> [EXERCISE INPUTS]:

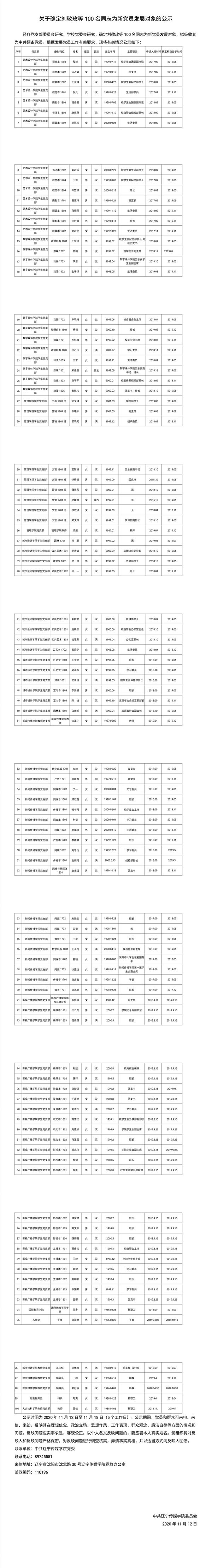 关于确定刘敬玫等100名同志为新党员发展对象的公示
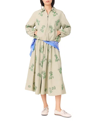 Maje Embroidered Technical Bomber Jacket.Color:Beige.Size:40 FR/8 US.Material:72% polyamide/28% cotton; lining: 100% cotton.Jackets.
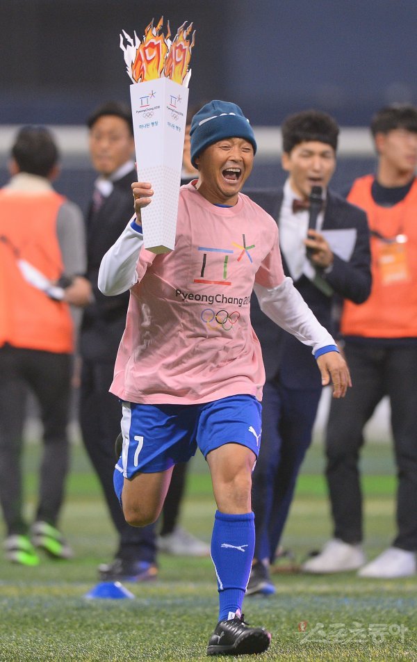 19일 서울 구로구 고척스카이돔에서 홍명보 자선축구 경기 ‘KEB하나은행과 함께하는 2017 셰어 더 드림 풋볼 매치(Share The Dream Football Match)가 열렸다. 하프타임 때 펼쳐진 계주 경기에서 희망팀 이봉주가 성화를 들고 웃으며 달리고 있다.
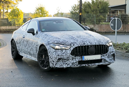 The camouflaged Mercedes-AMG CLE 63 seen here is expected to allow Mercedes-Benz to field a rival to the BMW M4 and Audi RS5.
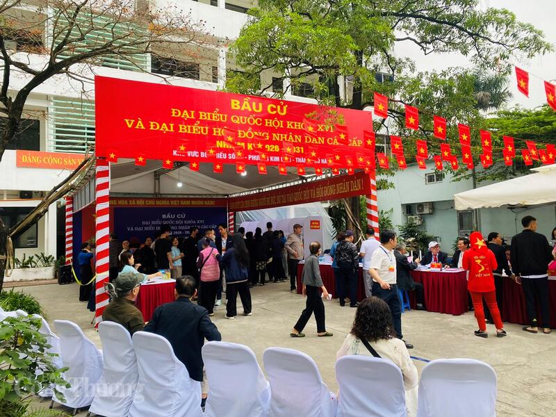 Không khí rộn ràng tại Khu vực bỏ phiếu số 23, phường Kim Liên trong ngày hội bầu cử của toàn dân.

> [TASK REQUIREMENTS]: Working from the line that contains "19일 서울 구로구 고척스카이돔에서" to the last line of the listing, please quote each line exactly, pictures excluded.

> [ANSWER BOX]:
 19일 서울 구로구 고척스카이돔에서 홍명보 자선축구 경기 ‘KEB하나은행과 함께하는 2017 셰어 더 드림 풋볼 매치(Share The Dream Football Match)가 열렸다. 하프타임 때 펼쳐진 계주 경기에서 희망팀 이봉주가 성화를 들고 웃으며 달리고 있다.
 The camouflaged Mercedes-AMG CLE 63 seen here is expected to allow Mercedes-Benz to field a rival to the BMW M4 and Audi RS5.
 Không khí rộn ràng tại Khu vực bỏ phiếu số 23, phường Kim Liên trong ngày hội bầu cử của toàn dân.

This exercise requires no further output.